Her accent is a blend. I know from her background she was born in the Middle East, grew up in England, and studied in America. In each sentence that she says, the words veer off into different accents. Sometimes she has the soft Rs and Ts of England; sometimes she has the purr and roll of the Middle East. The American accent seems to be there at the start and end of everything.

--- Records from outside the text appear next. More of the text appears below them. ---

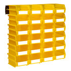 - System is made of (2) wall-mount rails and (24) bins
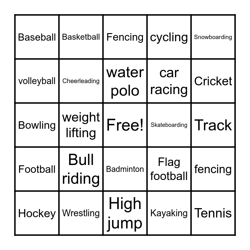 This bingo card has a free space and 34 words: Soccer, Kayaking, Golf, Horseback riding, Football, Cheerleading, Snowboarding, Hockey, Basketball, Boxing, water polo, Fencing, Shooting, Dodgeball, Skateboarding, Cricket, Wrestling, Bowling, Bull riding, Flag football, Badminton, Lacrosse, Baseball, Track, High jump, Tennis, cycling, gymnastics, car racing, volleyball, swimming, weight lifting, fencing and archery.
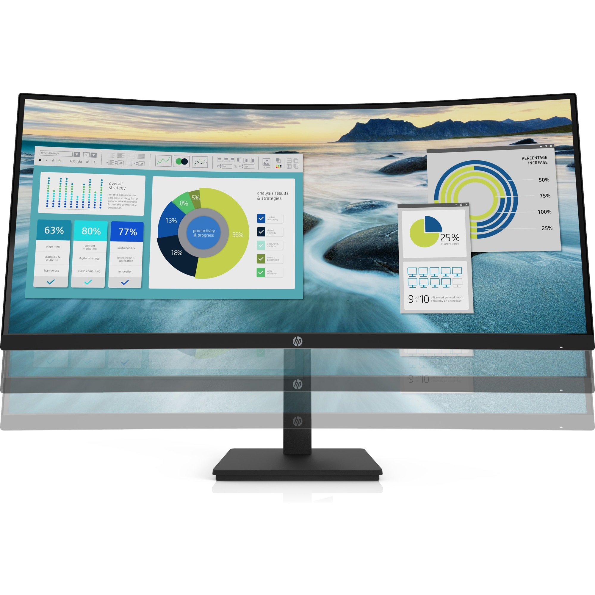 Nechajte sa pohltiť týmto 34" (86,36 cm) zakriveným displejom s ostrým rozlíšením WQHD a integrovaným reproduktorom. Vďaka všetkému dostupnému priestoru uvidíte na jednej obrazovke viac. Preto je tento monitor ideálny pre osoby vykonávajúce viacero úloh naraz a tých, ktorí chcú zvýšiť produktivitu.
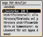 Välj <På> om du vill skriva ut i läget för att spara toner. Välj <På> när du vill kontrollera layout eller andra utseendemässiga egenskaper innan du går vidare med utskriften av ett stort jobb. Mer information om inställningen finns i
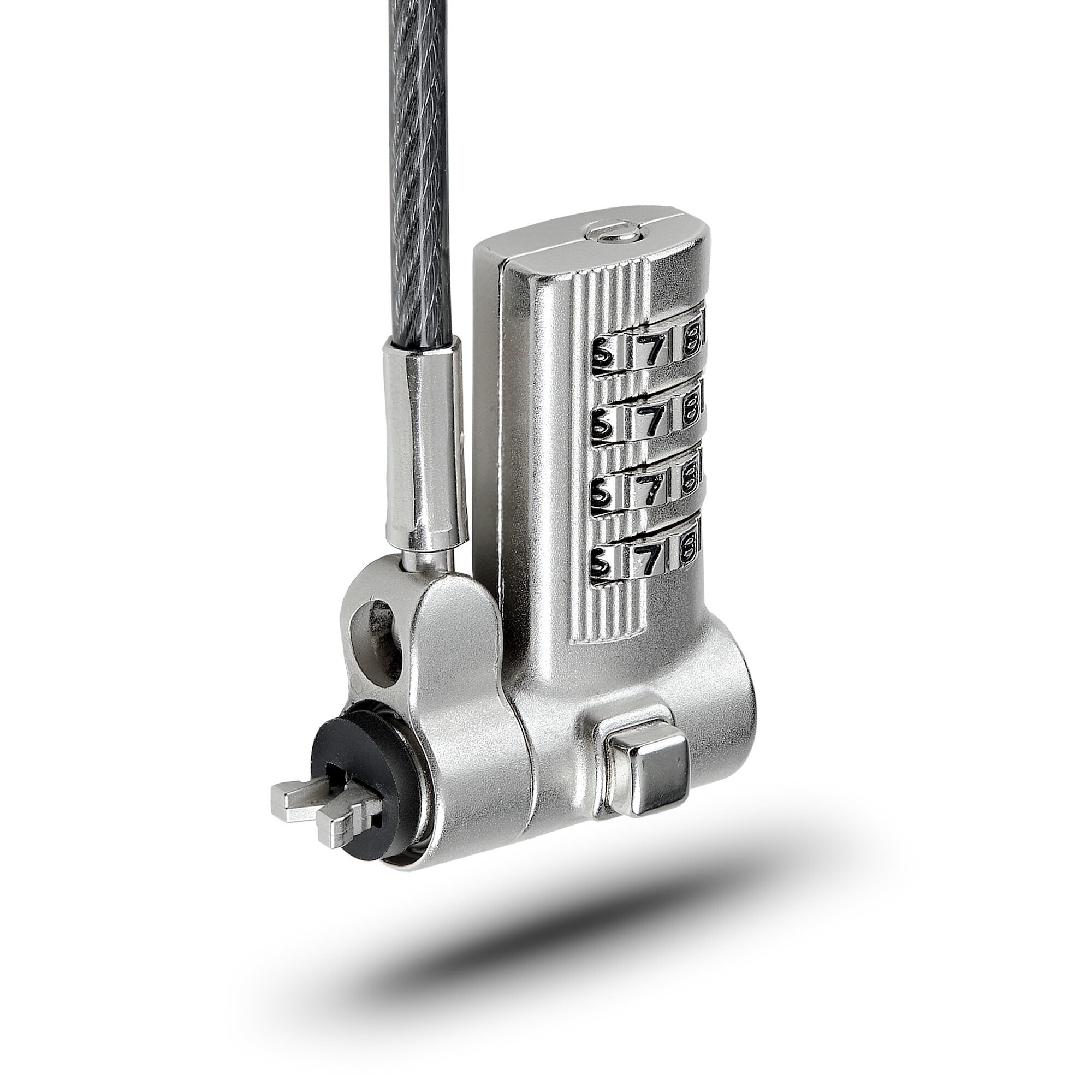 The keyless cable lock allows you to set a personalized combination code, offering up to 10,000 combinations for increased security. The lock can withstand a pull force of 202 lb (91.6 kg) for K-slot, 164.4 lb (74.6 kg) for Nano, and 110.2 lb (50 kg) for Noble Wedge®; ensuring your computer or other devices remains safe from theft.
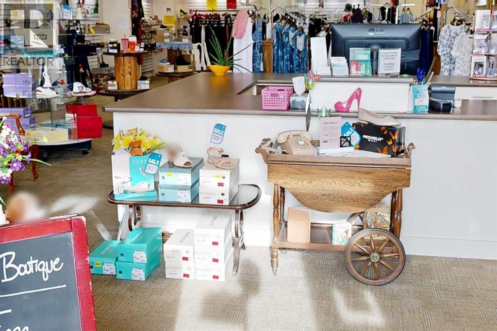 An exciting opportunity to own an established women’s shoe and clothing boutique in the heart of Stettler. Ideally situated on a busy main street, this business benefits from excellent visibility and steady foot traffic, surrounded by a strong mix of professional and retail neighbours that help anchor the area. This well-curated boutique offers a diverse selection of women’s footwear, apparel, accessories, and giftware, catering to a loyal local customer base while also drawing in visitors seeking quality retail options. The sale includes a complete turnkey package, featuring inventory (to be adjusted upon closing) and all essential operational assets: display furniture, racking, décor elements, mannequins, office furniture, point-of-sale equipment, computers, and TV screens—everything needed to step in and continue operations seamlessly. The buyer will assume the current lease, allowing for continuity in this desirable and established location. Whether you are an entrepreneur looking to be hands-on in a local business or an investor seeking to expand your portfolio with a retail operation, this opportunity offers both stability and growth potential in a supportive community. (id:51989)

‘Good. I don’t like that. And I don’t like corporate speak. Too many people running things up flagpoles, putting pins in balloons, thinking of blue skies. Fuck ’em all,’ she says. ‘If I’m going to kill you, I tell you.’ She leans into me to whisper, like a friendly aside. ‘I’m not going to kill you. I always get someone else to do it.’

I spend a second trying to figure out how to respond, but she cracks a smile. ‘I’m kidding,’ she says. ‘Not about getting other people to do it, but I don’t want to get you killed.’

‘I, uh, thanks, I think?’

‘Here’s where we’re at,’ she says. We pivot and walk the aisle again. ‘I have a big deal going through. This time tomorrow? I own this city. All of it. And I don’t trust
anyone
not to fuck it up. I got word that someone in Glasgow was moving against me, and Dominic Porter was going to find out who it was. But he’s vanished. He called me a couple of days ago, but never spoke. On the line, you know what I heard?’

‘What?’

‘Two shots. You’re the best hit man in town. Hey, that’s sexist, isn’t it? What should we call it? Hit person? Hitter?’

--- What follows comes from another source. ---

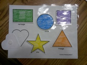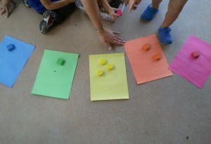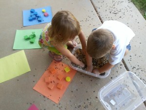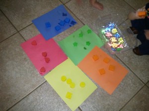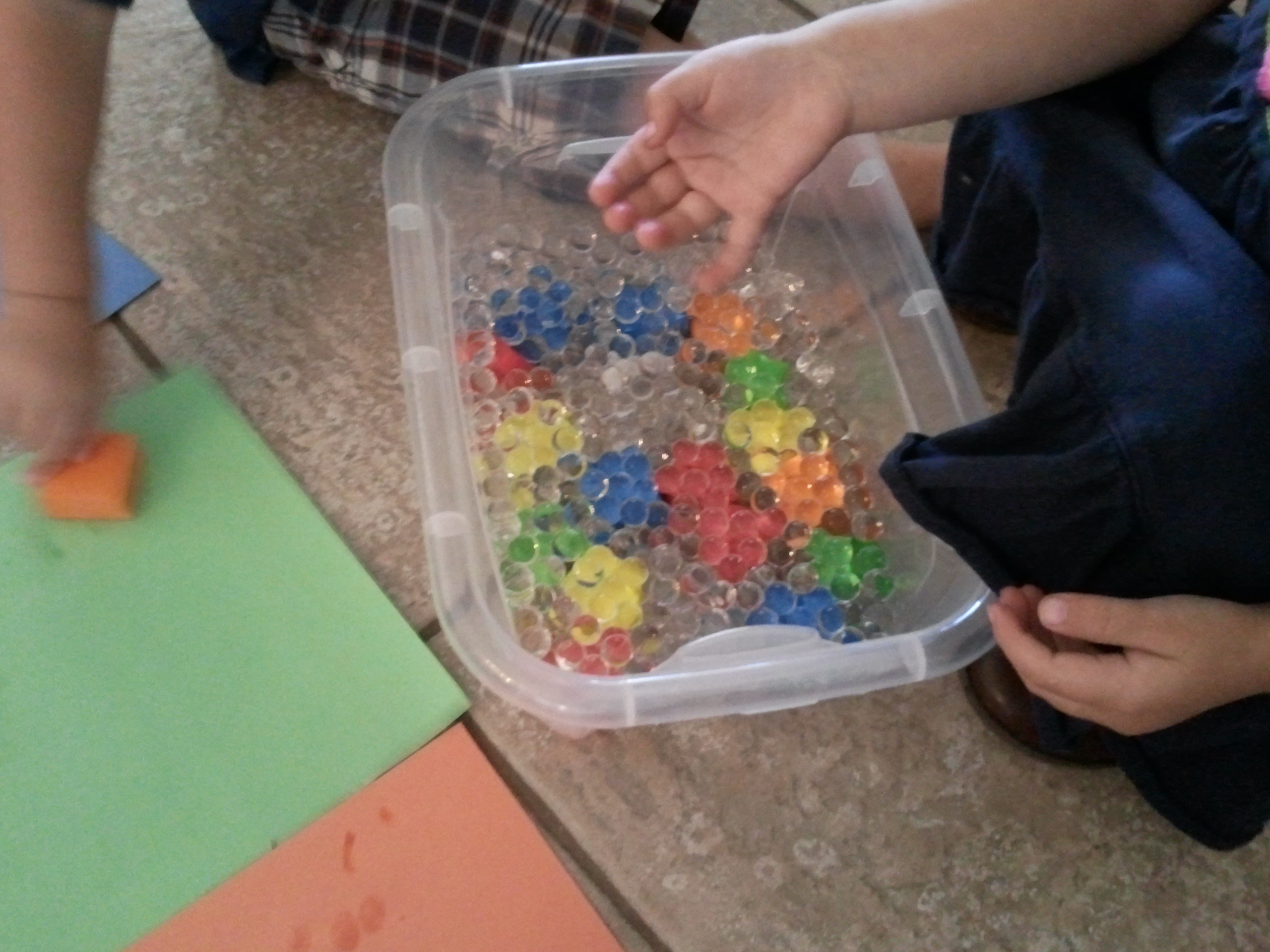 The first activity was on color recognition and matching, which was also a sensory activity. For this, I used 2 bags of colored foam shapes from Target dollar section, 2 containers of water bead decorative accents from the dollar store (found in the floral section), a plastic shoe box from the dollar store, and 5 pieces of construction paper. If you aren’t familiar with water beads, according to the container, they are a type of water absorbent polymer that absorbs, stores, and releases water. They are usually used in plant or floral arrangements. It also says they are non-toxic, but we kept a close eye on the kids while they played with these to make sure they didn’t put any in their mouths or left any out on the floor. I put the foam shapes in the plastic shoe box, then poured both containers of water beads in the box.
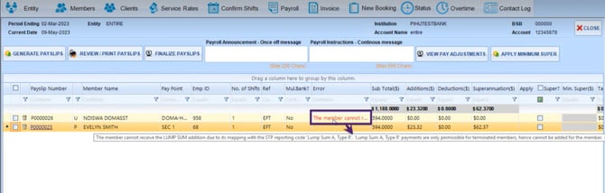 This error message appears in the Error column in the Payroll processing screen as shown in the figure below and the payslip will not be generated

‘Call it whatever you like.’

‘Okay. Hitter. You’re the best. So I’m thinking, if Dominic Porter was killed, then the person who ordered it will be the person I need to know about. And, since you’re the best in town, you’re the person most likely to have pulled that trigger.’

I try the same tactic I took with Joe. ‘I wasn’t hired to kill Dominic Porter.’

She stops walking and peers up at me. Those eyes burn right in. It takes everything I have not to flinch.

‘These ones, I think.’ She looks down at her shoes, then smiles at the staff against the back wall. ‘Yes, I’ll take these. And all the ones I tried on. Thank you, girls.’

Khan turns to me again. ‘This morning, another man who worked for me got killed. Blown up. Alex Pennan. You believe that? Sky high. Just like in the movies. I hear you’d be the best person for that, too.’

‘I didn’t kill Alex Pennan.’

My party trick was starting to wear thin.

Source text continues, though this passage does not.